Material for this exercise =
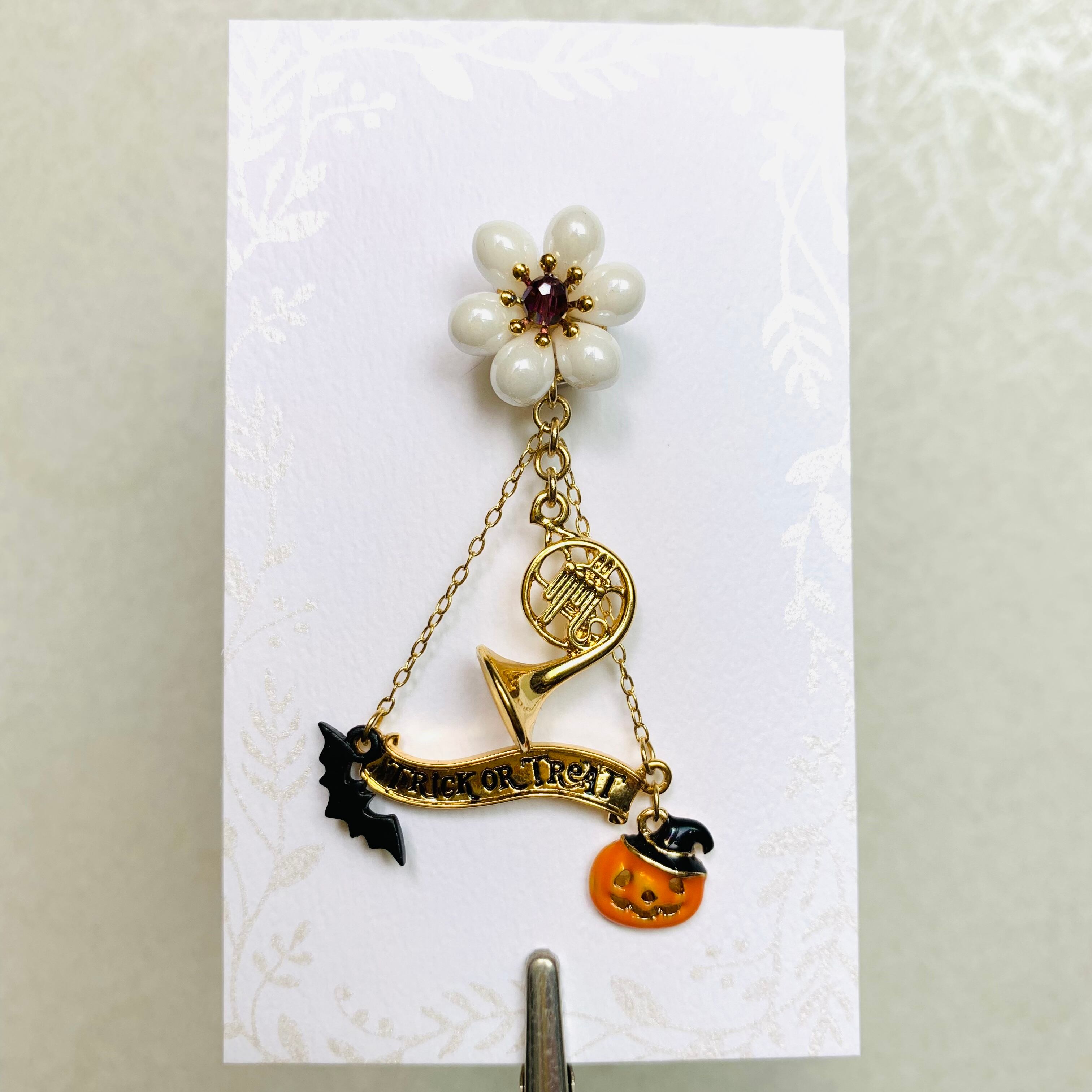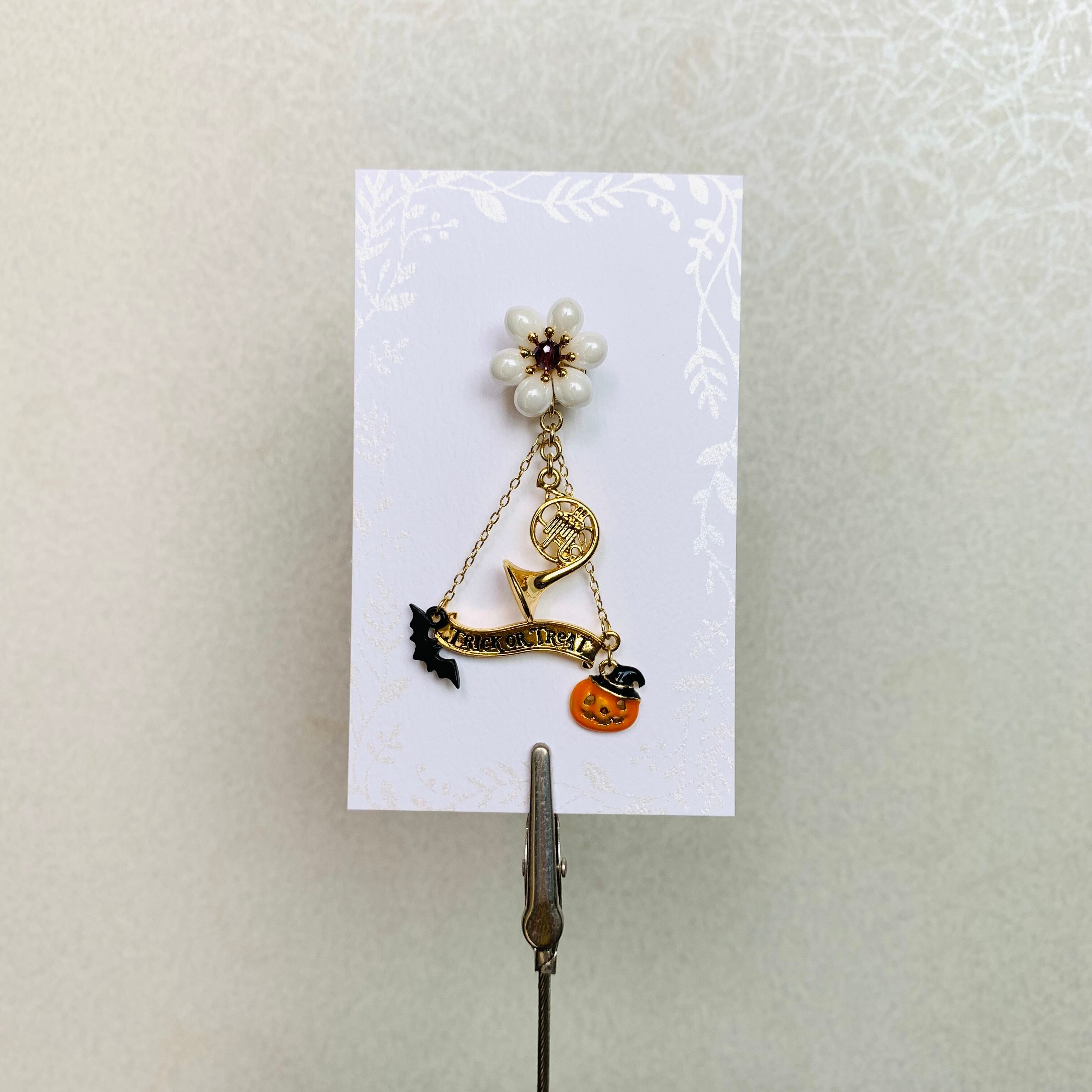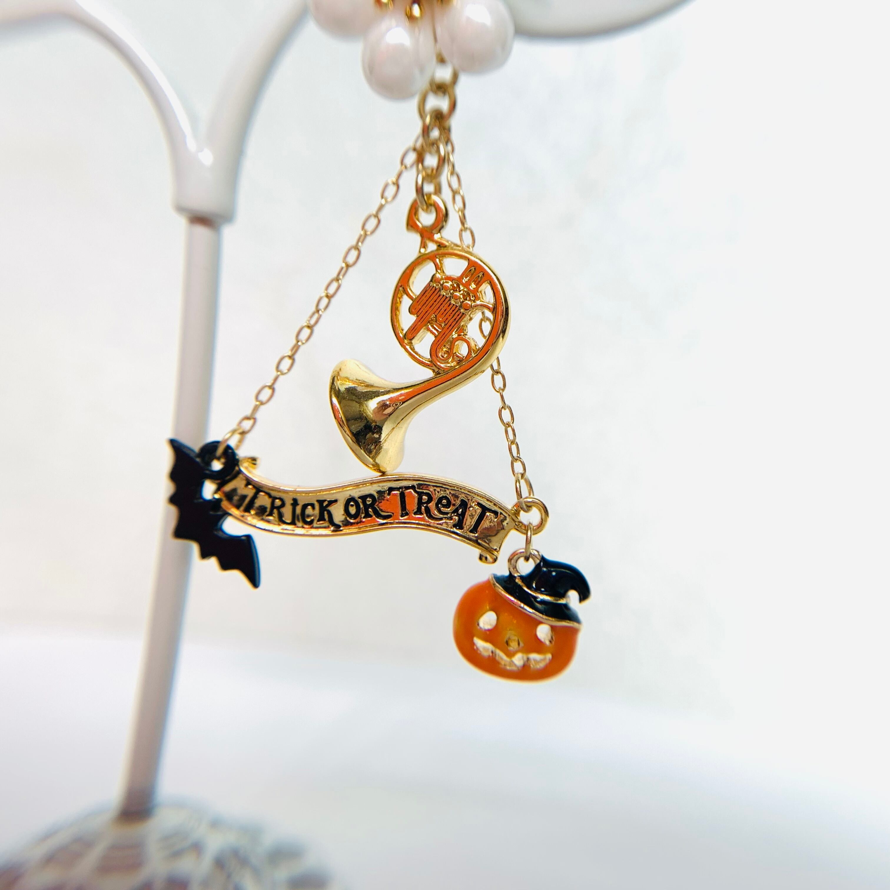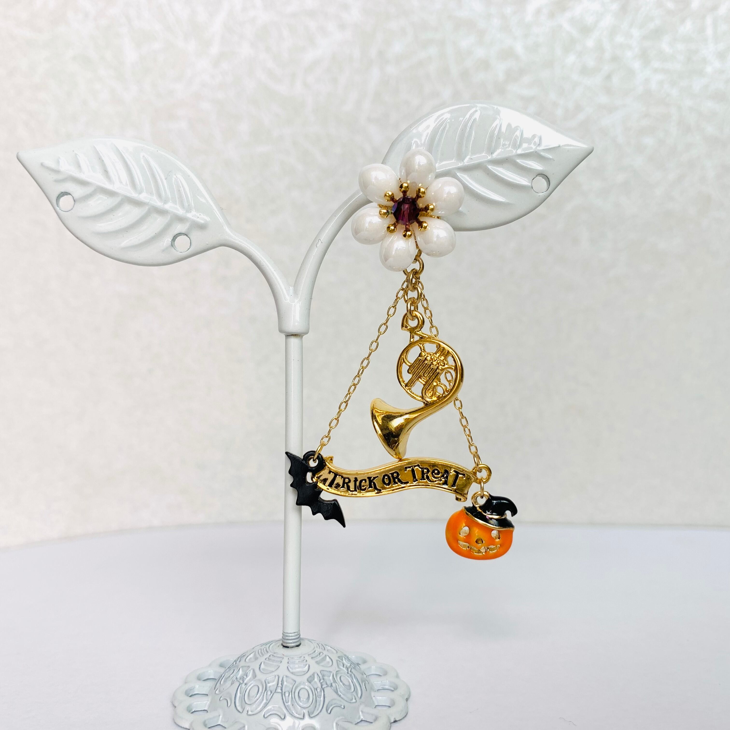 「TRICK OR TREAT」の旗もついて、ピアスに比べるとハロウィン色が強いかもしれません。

...

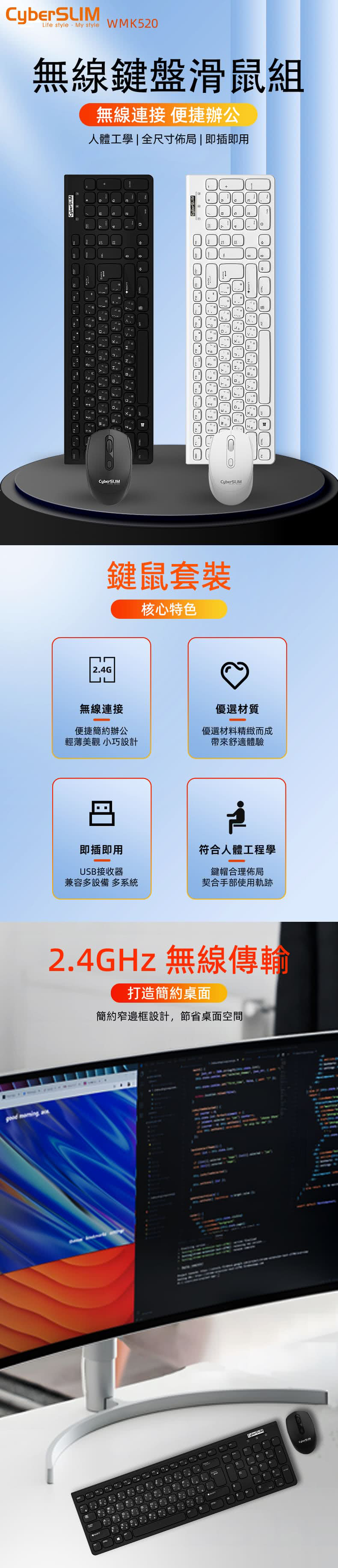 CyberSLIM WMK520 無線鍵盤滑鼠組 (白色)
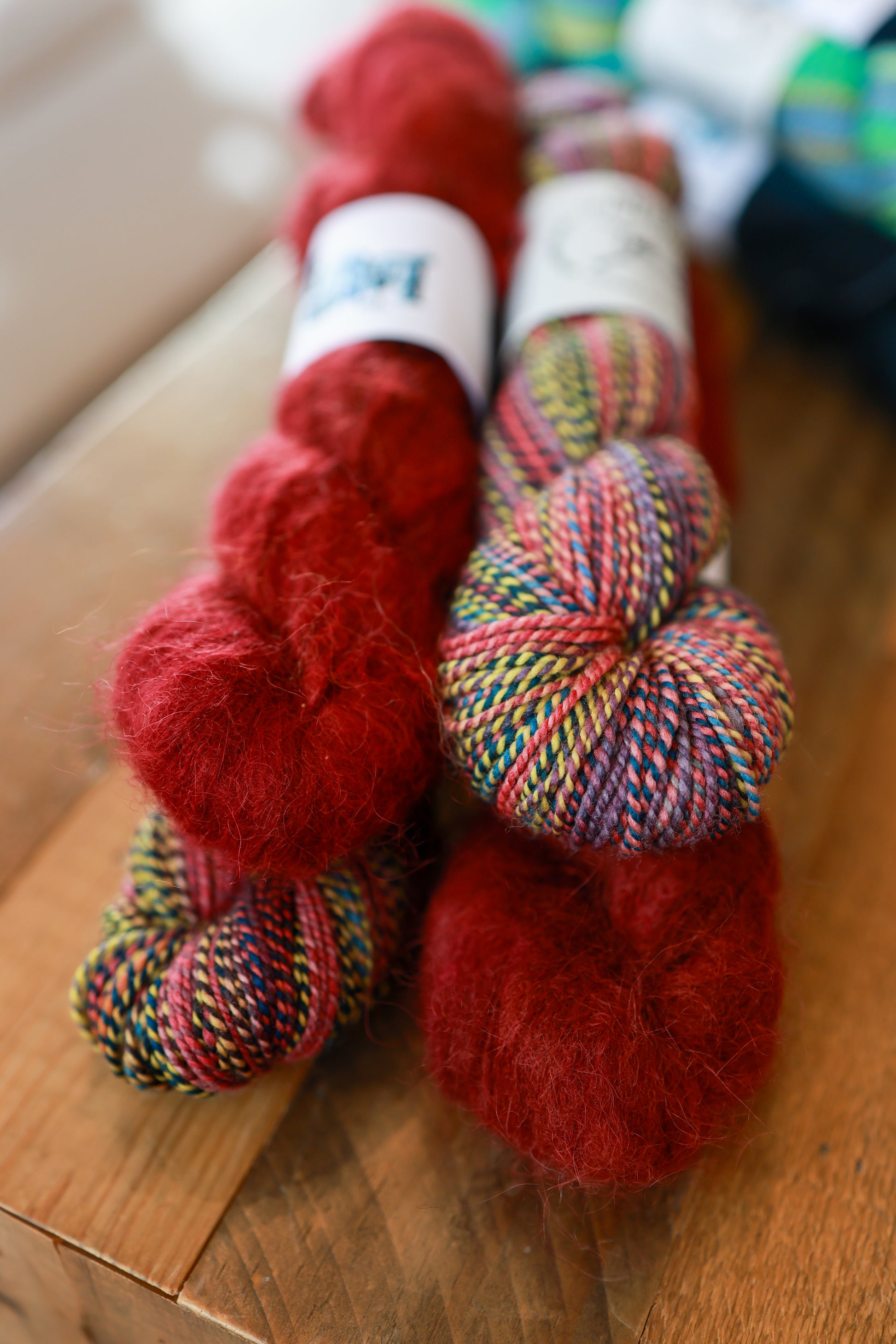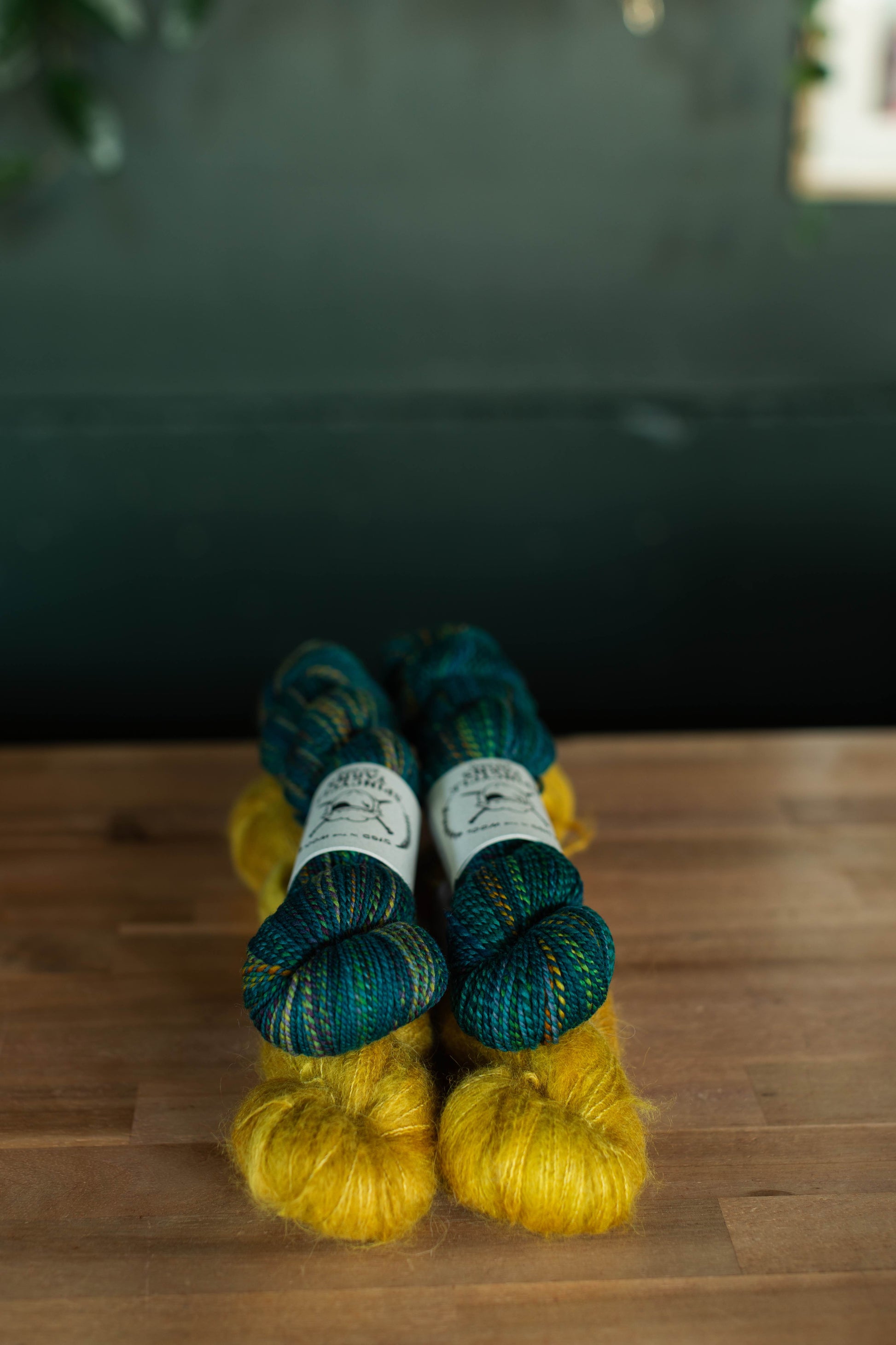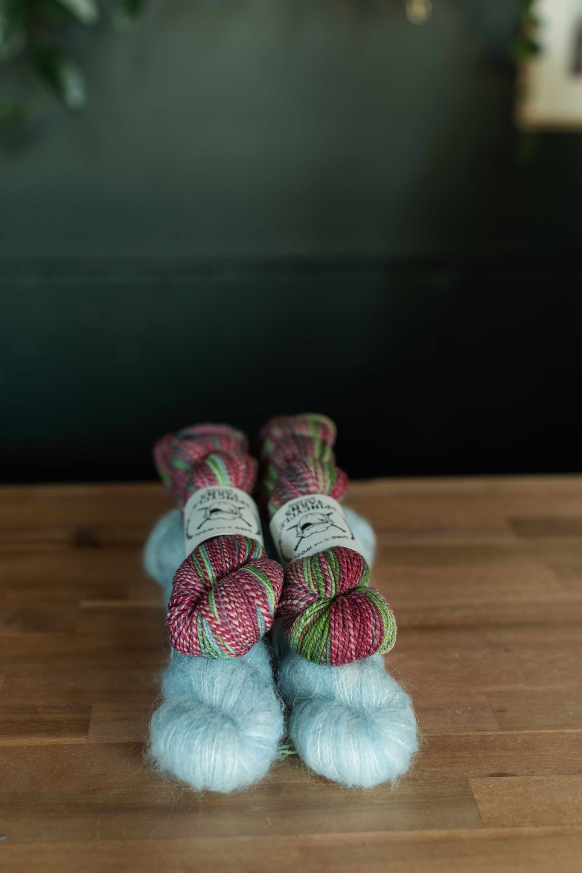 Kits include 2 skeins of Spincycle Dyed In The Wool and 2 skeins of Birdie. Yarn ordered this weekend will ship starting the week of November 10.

Required work = Return word for word the lines of the listing above, starting at the line with "CyberSLIM WMK520 無線鍵盤滑鼠組 (白色)" and ending at the line with "Kits include 2", both included. Pictures do not belong in the copy.

Solution to this problem =
 CyberSLIM WMK520 無線鍵盤滑鼠組 (白色)
 Kits include 2 skeins of Spincycle Dyed In The Wool and 2 skeins of Birdie. Yarn ordered this weekend will ship starting the week of November 10.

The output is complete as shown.